Professor Fatma Marouf Interviewed by Las Vegas Sun

Fatma Marouf is the co-director of the Immigration Clinic and an associate professor at the William S. Boyd School of Law.

Professor Marouf recently sat down with the Las Vegas Sun for a Dec. 23 article titled “How President Obama’s immigration order might affect Las Vegas labor.”

In the article, Professor Marouf talks about how President Obama’s immigration plan can offer more protection for undocumented workers, especially here in Nevada which has the highest population share in the country.

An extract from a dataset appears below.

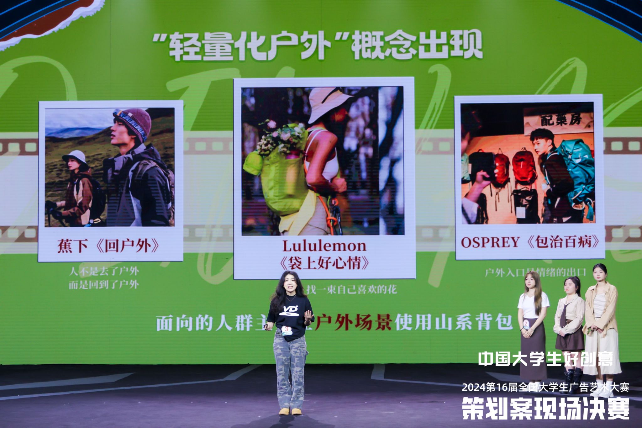 2024年9月7-8日,第16届全国大学生广告艺术大赛策划案现场提案决赛在北京东亿国际传媒产业园圆满落下帷幕,由免费色情片 广告系杨永晨、颜志香两位老师指导的爱华仕“山系”双肩包命题团队——广告专业2021级许佳丽、杨欣楠、刘欣和2022级罗冰晶四位同学,凭借独具创意的策划案《不在山里也要野》入围全国总决赛,经过现场提案的精彩表现和激烈角逐,继第14届、第15届分别以第2名的总成绩获得一等奖之后,温大广告学子在第16届全国大学生广告艺术大赛策划案现场提案决赛上再度斩获一等奖。

“Obama issued a memorandum calling for ‘modernizing and streamlining’ the immigrant visa system,” explained Professor Marouf in the article. “ … This should make it easier for skilled and unskilled workers to obtain visas to work in the U.S., which will reduce fraud and exploitation, including labor trafficking … The industries where trafficking is especially common is in the hotel and service industry. We’re talking about low-tier jobs, like servers or custodians. Interestingly, health services is also one of the more predominant areas where people work in the shadows. They’ll usually be in group homes and nursing homes where people care for the mentally ill or the elderly — places that aren’t regulated heavily.”

Drawing on her extensive experience representing individuals before the Immigration Courts, Board of Immigration Appeals, and U.S. Courts of Appeals, Professor Marouf's research probes various problems involved in adjudicating immigration cases at all levels.